Friday, December 18, 2009

China Central Banker Says Harder to Buy U.S. Treasuries

As I have been pointing out for some time, the Federal Reserve's halt in money printing is resulting in fewer dollars available to support the old economic structure. This has a lot to do with the current problems now developing in many international venues. China central banker Zhu Min seems to agree. Zhou Xin and Jason Subler write for Reuters:
It is getting harder for governments to buy U.S. Treasuries because the United States' shrinking current-account gap is reducing supply of dollars overseas, a Chinese central bank official said on Thursday...The U.S. current account deficit is falling as residents' savings increase, so its trade turnover is falling, which means the U.S. is supplying fewer dollars to the rest of the world," he added.

"The world does not have so much money to buy more U.S. Treasuries."
What he sees as a new desire to save in the US, I see as a greater demand to hold cash. That's why it is harder to find dollars around the world. If it was just a case of Americans saving instead of Chinese, why the the Americans would be buying up the Treasury issues.

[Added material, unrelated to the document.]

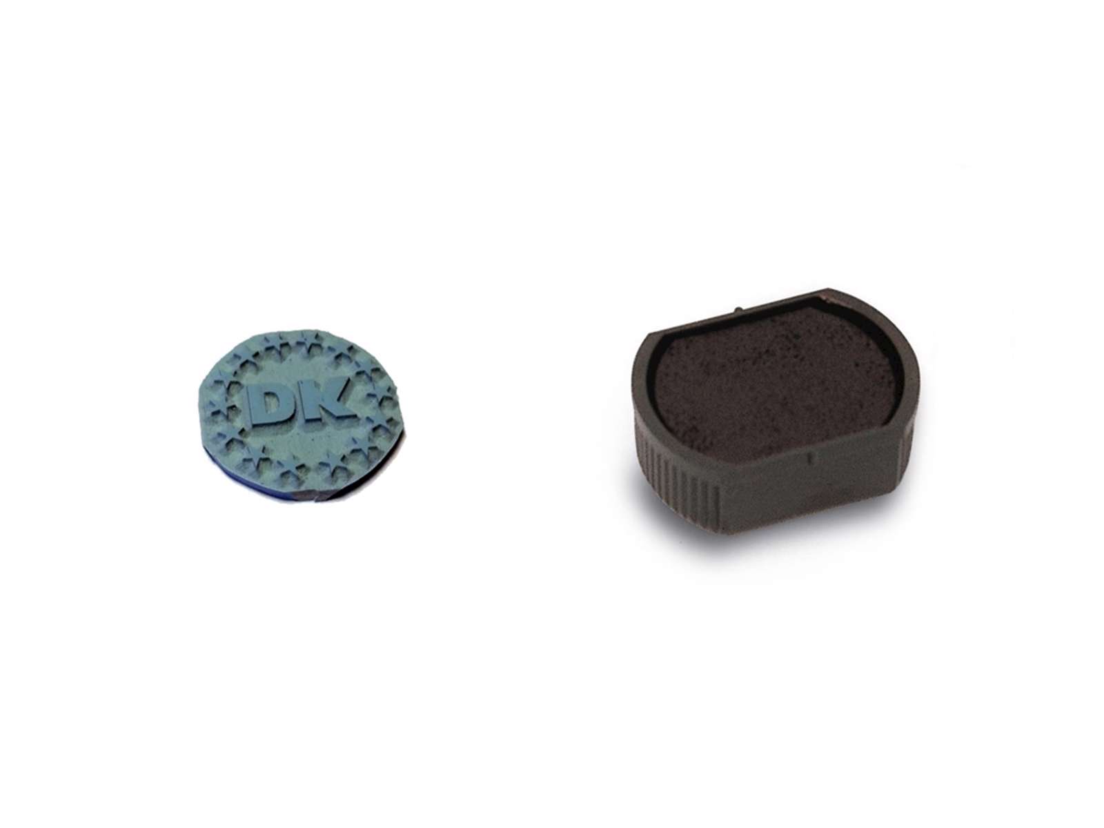 Klik på skabelonen, og lav din egen tekst. Op til 2 linjer. Mål på tekstpladen 17 mm. i diameter

But, on a long term basis, Zhu Min seems to think, as do many (including EPJ), that the situation will change:
In a discussion on the global role of the dollar, Zhu told an academic audience that it was inevitable that the dollar would continue to fall in value because Washington continued to issue more Treasuries to finance its deficit spending.
Obviously, by this remark Zhu Min believes that at some point the Fed will have to come in and buy Treasury securities aggressively, and thus spark both price and monetary inflation.

1 comment:

  1. unless there is enough savings here to fill the gap.